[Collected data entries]
————
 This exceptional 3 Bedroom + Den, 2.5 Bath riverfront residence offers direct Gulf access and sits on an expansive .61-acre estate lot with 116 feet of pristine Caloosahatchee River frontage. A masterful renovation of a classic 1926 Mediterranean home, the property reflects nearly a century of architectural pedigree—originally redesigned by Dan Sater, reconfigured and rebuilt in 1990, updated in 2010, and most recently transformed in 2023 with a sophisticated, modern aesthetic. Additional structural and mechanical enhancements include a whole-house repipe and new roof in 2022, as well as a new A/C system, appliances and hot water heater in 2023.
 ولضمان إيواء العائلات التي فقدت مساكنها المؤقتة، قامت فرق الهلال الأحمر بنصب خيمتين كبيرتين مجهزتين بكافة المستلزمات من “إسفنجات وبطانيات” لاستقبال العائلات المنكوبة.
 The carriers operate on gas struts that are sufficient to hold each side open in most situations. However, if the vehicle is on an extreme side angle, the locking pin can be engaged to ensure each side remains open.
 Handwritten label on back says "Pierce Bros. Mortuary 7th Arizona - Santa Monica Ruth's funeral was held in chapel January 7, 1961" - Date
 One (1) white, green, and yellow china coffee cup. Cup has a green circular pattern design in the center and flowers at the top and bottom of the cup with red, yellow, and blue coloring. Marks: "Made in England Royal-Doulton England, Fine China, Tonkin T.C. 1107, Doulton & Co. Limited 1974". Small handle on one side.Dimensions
————
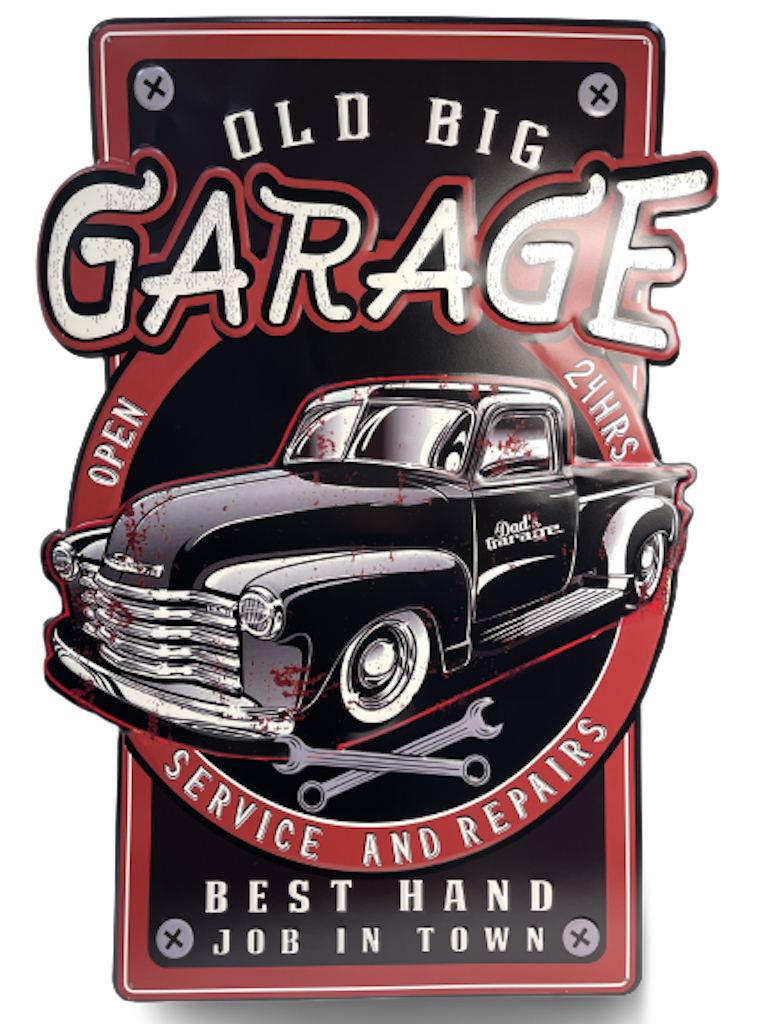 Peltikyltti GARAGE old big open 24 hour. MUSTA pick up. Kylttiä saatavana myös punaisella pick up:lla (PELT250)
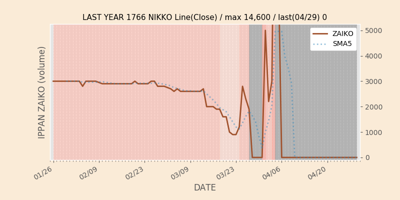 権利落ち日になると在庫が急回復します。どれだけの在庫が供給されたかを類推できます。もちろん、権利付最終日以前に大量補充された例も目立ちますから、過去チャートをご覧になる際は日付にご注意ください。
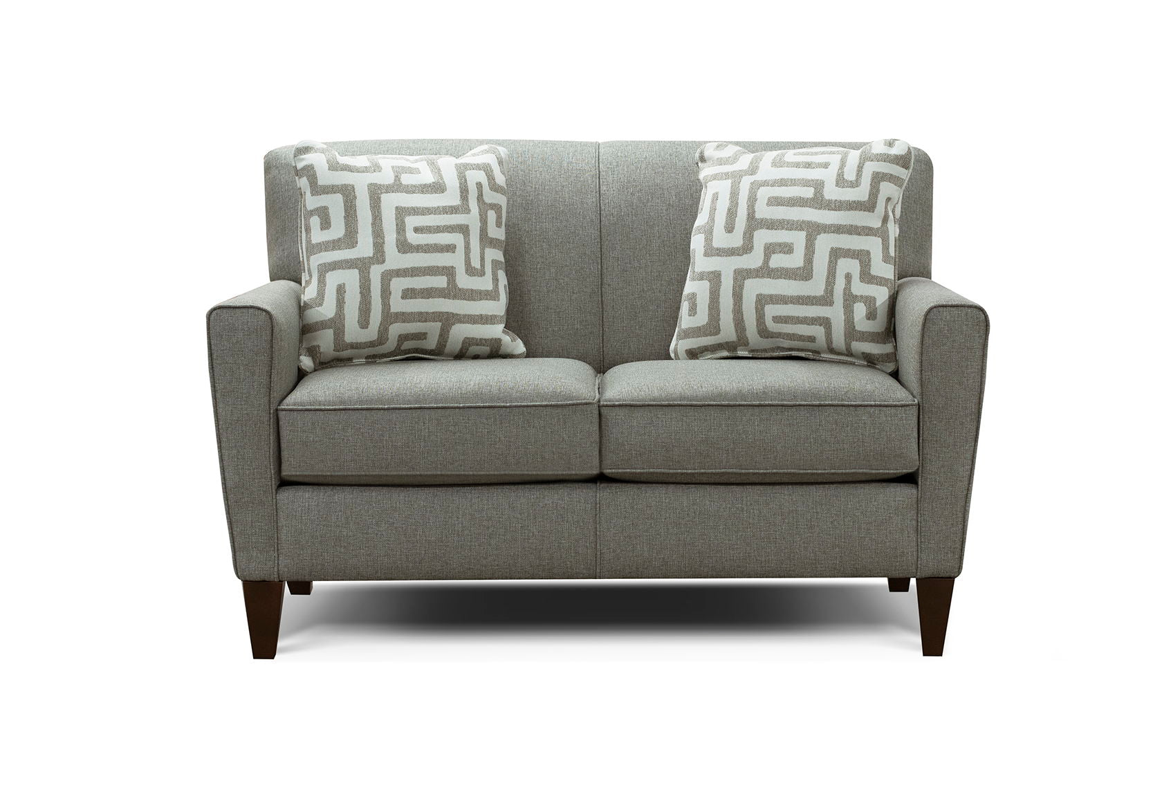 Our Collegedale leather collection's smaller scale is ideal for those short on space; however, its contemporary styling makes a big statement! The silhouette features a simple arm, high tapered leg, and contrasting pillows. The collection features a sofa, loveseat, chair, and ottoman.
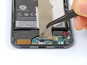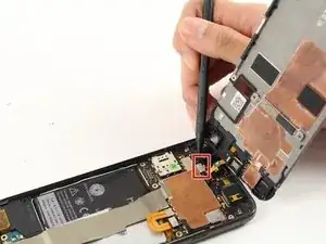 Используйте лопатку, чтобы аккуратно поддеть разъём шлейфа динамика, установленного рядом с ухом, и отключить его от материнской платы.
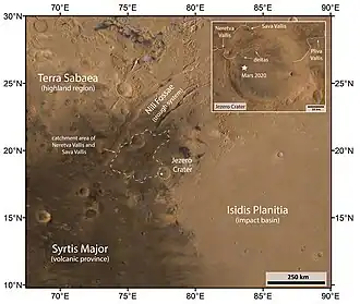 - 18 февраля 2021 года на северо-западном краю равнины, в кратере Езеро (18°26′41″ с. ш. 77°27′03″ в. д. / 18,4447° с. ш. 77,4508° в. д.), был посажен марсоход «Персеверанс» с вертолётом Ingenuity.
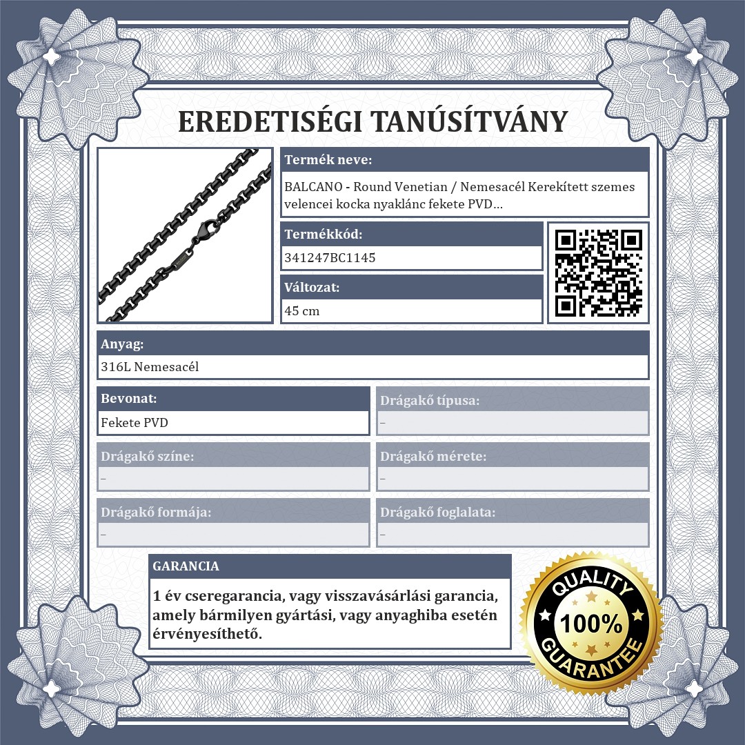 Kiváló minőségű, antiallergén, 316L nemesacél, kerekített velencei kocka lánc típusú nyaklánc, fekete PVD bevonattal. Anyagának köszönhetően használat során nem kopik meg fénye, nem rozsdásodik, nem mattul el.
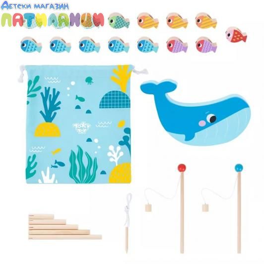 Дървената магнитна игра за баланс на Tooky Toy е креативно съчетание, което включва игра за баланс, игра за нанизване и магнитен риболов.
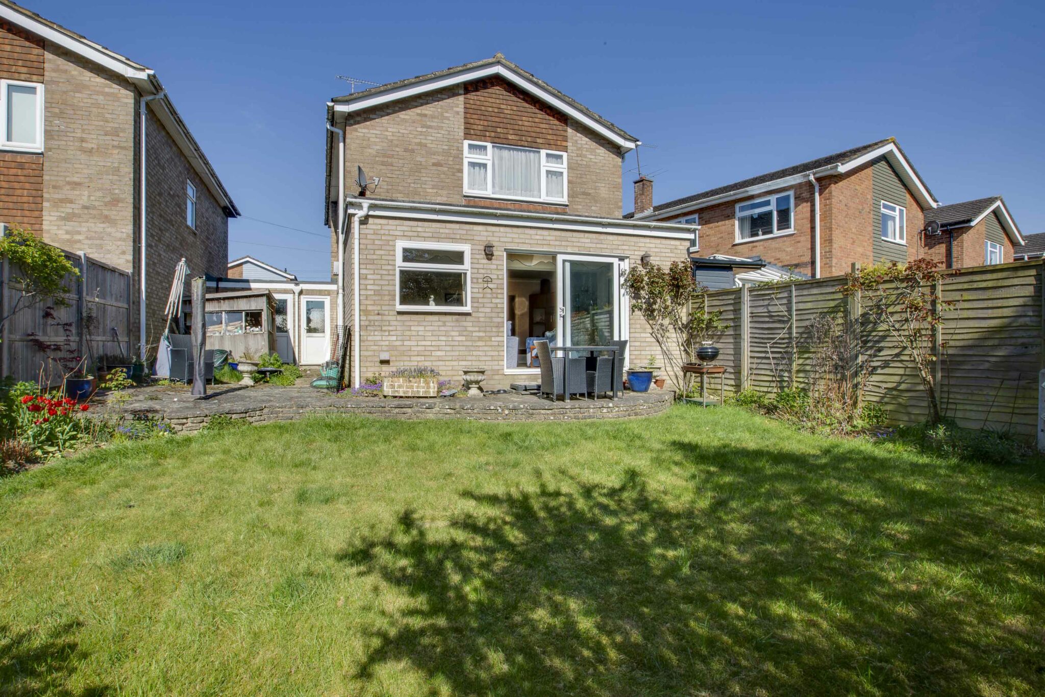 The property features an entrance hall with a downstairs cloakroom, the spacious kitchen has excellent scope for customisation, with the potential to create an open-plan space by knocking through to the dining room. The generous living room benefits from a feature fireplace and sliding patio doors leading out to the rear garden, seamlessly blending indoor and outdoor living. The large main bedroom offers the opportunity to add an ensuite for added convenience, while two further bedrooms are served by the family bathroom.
————
When you reach the line holding "ولضمان إيواء العائلات" in the records above, begin reproducing exactly, stop after the line holding "Handwritten label on", and output nothing else.

- _Solution for this exercise_
 ولضمان إيواء العائلات التي فقدت مساكنها المؤقتة، قامت فرق الهلال الأحمر بنصب خيمتين كبيرتين مجهزتين بكافة المستلزمات من “إسفنجات وبطانيات” لاستقبال العائلات المنكوبة.
 The carriers operate on gas struts that are sufficient to hold each side open in most situations. However, if the vehicle is on an extreme side angle, the locking pin can be engaged to ensure each side remains open.
 Handwritten label on back says "Pierce Bros. Mortuary 7th Arizona - Santa Monica Ruth's funeral was held in chapel January 7, 1961" - Date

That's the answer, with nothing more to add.